Esa voz la puedo reconocer, antes me encantaba escucharla o míralo, Eriol está parado frente a mí, desde lo ocurrido en el super mercado no lo había visto para nada, afortunadamente, ahora no estoy sola, en el paradero se encuentran como unas cinco personas más.
–No, gracias –lo observo un momento, se ve completamente desalineado, nada con el Eriol que recuerdo, ¿qué le habrá pasado? –
No insiste, con la misma se da la vuelta y se marcha lo cual agradezco enormemente tal vez pueda saber qué es lo que sucede si hablo con Reika y Hui, desde que me salí de la cafetería no he podido hablar con ellas, todo ha sido demasiado rápido y tempestuoso.
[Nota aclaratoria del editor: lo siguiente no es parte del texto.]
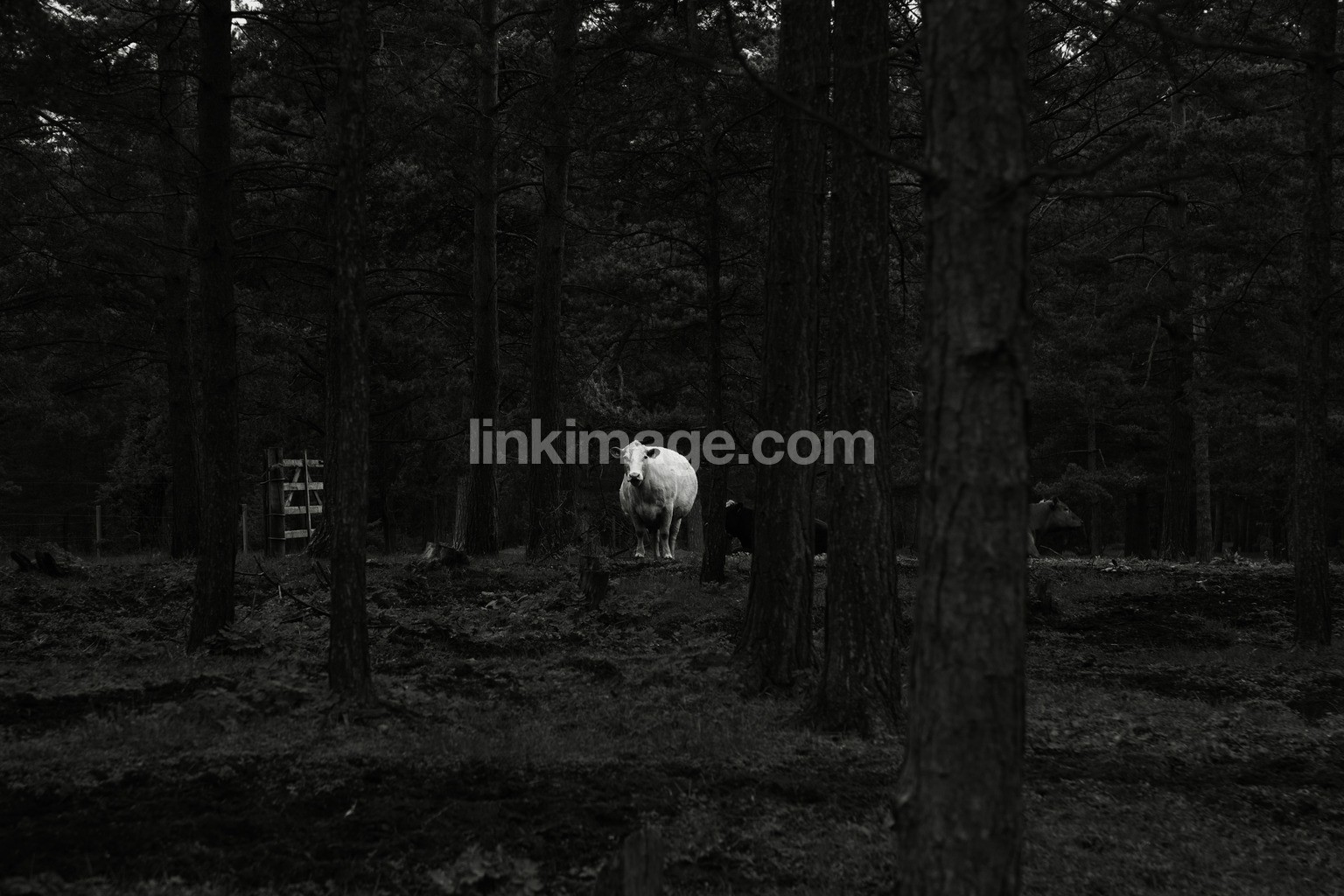 - cow, white, gaze, forest, landscape, agriculture, pine woods, meat, nature, tree, plants

Un par de minutos de espera y el bus hace su aparición, el camino a la universidad es un poco tardado por lo que me permito divagar un momento, ¿en dónde estaría ahora si no hubiese llamado a Shaoran el día que estaba ebria? ¿lo hubiese conocido? No, tal vez jamás lo hubiese conocido, aunque mi abuelo tenga de socios a los papás de Shaoran, él me contó que se fue de su casa y no había mantenido comunicación con ellos, probablemente aún estuviese embelesada por Eriol.
El edificio de la universidad aparece en mi campo de visión y se lleva todas mis divagaciones, me bajo y camino sin prisa hasta el salón de clases, de todos modos, no sé si deba de acabar con la carrera, con el abuelo en mi vida se me complicará ejercer mi profesión ya lo ha demostrado al sacarme de la televisora.
–Sakura… Sakura…
De repente escucho mi nombre, me detengo para mirar a mi alrededor, Tomoyo viene acompañada con su ¿pareja? Aún no sé si ese sea el término para usar para ellos, ella solo me ha dicho que se hablan y salen esporádicamente, más no ha hablado de algo serio.
–Al fin te alcanzamos, te estoy llamando desde hace un rato –replica– ¿no me escuchaste?
–Perdón, andaba pensando –fijo la mirada en Yue– hola –saludo ya que él no parece querer hacerlo–
Y no responde a mi saludo, se mantiene distante y únicamente eleva la cabeza, es demasiado extraño, le resto importancia a su comportamiento, al fin y al cabo que no es de mi incumbencia su manera de ser.
–Te vengo a buscar más tarde –habla el sujeto de cabello plateado, no lo dice en tono de pregunta mucho menos como algo cariñoso, es una orden lo que yo escucho–
Tomoyo no dice nada, se despiden con un beso de lo más profundo que me hace sentir incómoda, ¿se darán cuanta que estoy frente a ellos? Miro para todos lados para apartar la incomodidad hasta que ambos se separan y él termina yéndose de la universidad para dejarnos a solas.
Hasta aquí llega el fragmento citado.